Monday, March 11, 2013

Tondo



This crisp Madonna and Child was painted in the 1490s by Baccio della Porta, called Fra Bartolommeo (1472-1517). Earlier this year Christie's New York described it as oil on panel, a tondo in its original frame. The picture had remained in private hands in Italy and unknown to scholars until its first publication in 1992, when it was sold through a London dealer to the present owner. Described only as "property of a distinguished private collector" the painting was sold on January 30th for $12,962,500.

Perhaps I am finally getting my head around the fact that Old Master paintings, whatever their degree of rarity or loveliness, sell for a smallish fraction of the price demanded for a good example of Abstract Expressionism or Pop. There is a scene toward the end of Michael Haneke's first feature film (The Seventh Continent, 1989) where a prosperous Austrian couple, having withdrawn their substantial savings from the bank, systematically tear up the cash and flush it down the toilet.
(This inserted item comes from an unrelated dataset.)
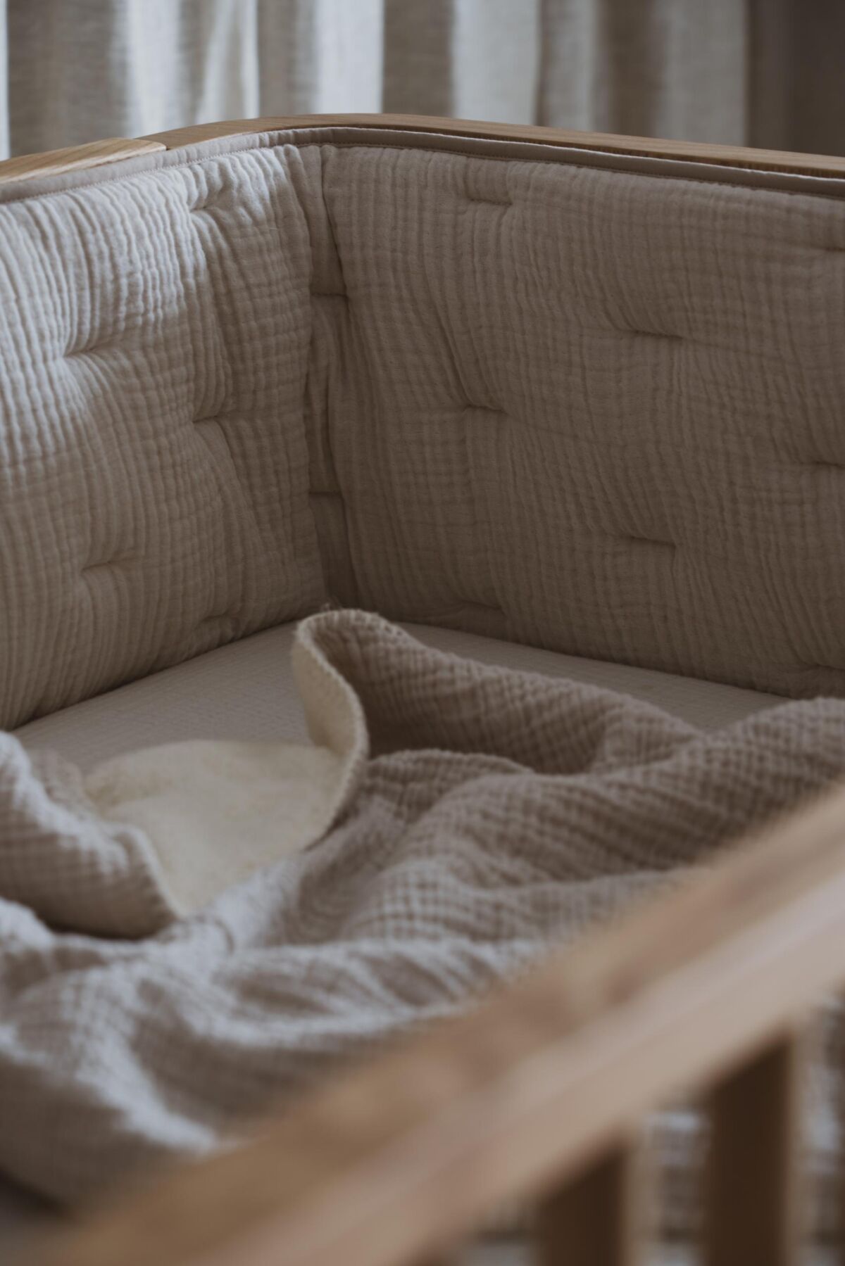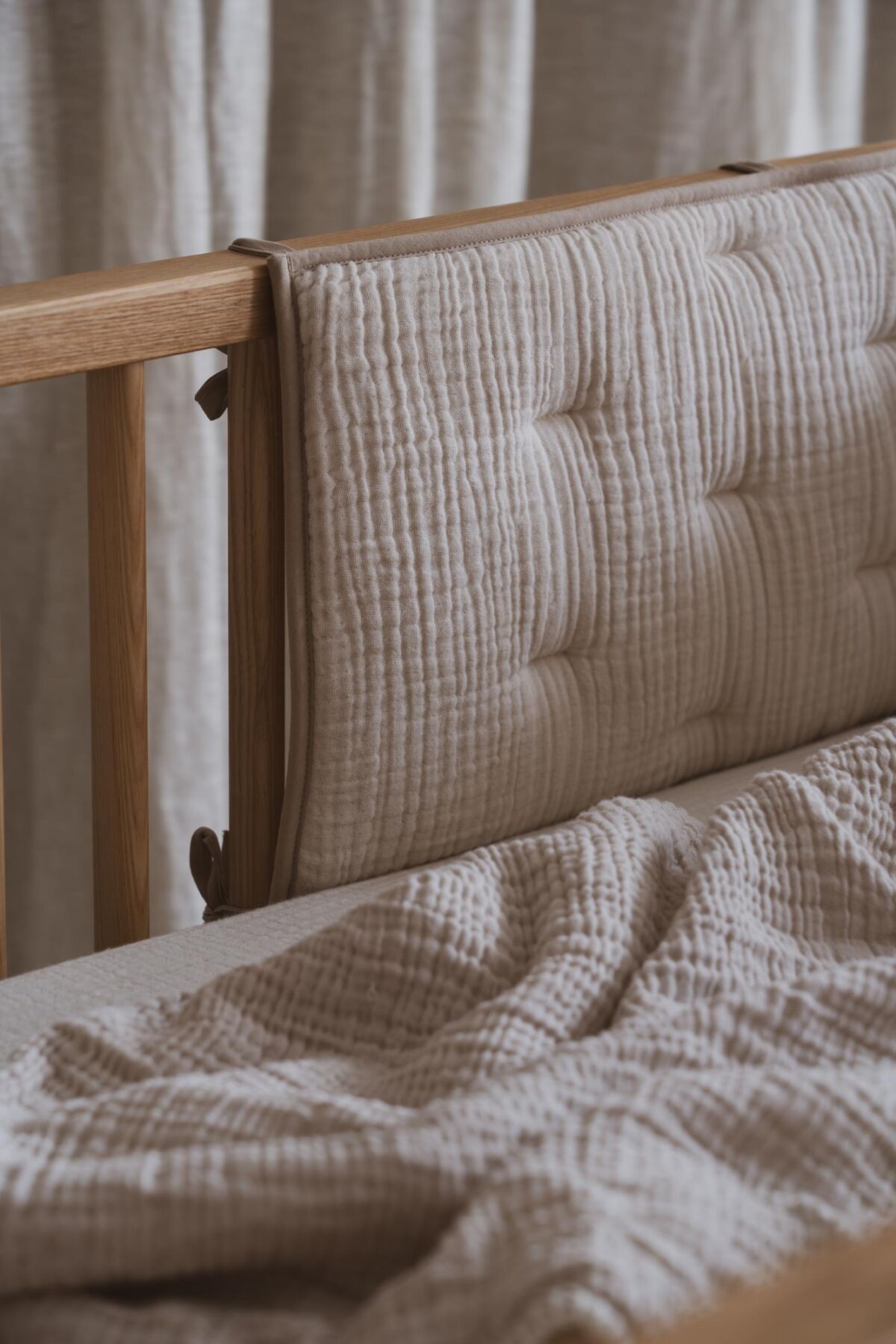 - The bumper is reversible, featuring a beautiful design on both sides. Choose from the lovely colors warm clay, subtle blossom, or soft yellow stripes, made from soft muslin cotton, for a luxurious and comfortable look.

I can understand the impulse, when money-value seems absolutely at odds with the sort of intangible (even supernatural) value of Fra Bartolommeo's tondo.

The Market Review column in the January issue of Apollo began like this –

It seems incredible to report but, despite the gloomiest of economic conditions across the globe, over $1bn was spent on modern and contemporary art in five days in New York. It may be precisely because of the economy that this should be the case. There is little else to invest in, and it is hard to imagine that all those prepared to pop tens of millions for a Rothko, Warhol, Bacon, Richter, Basquiat, Kline, De Kooning or Koons have waited until now to express their deepest passion for the art of the 20th and 21st centuries.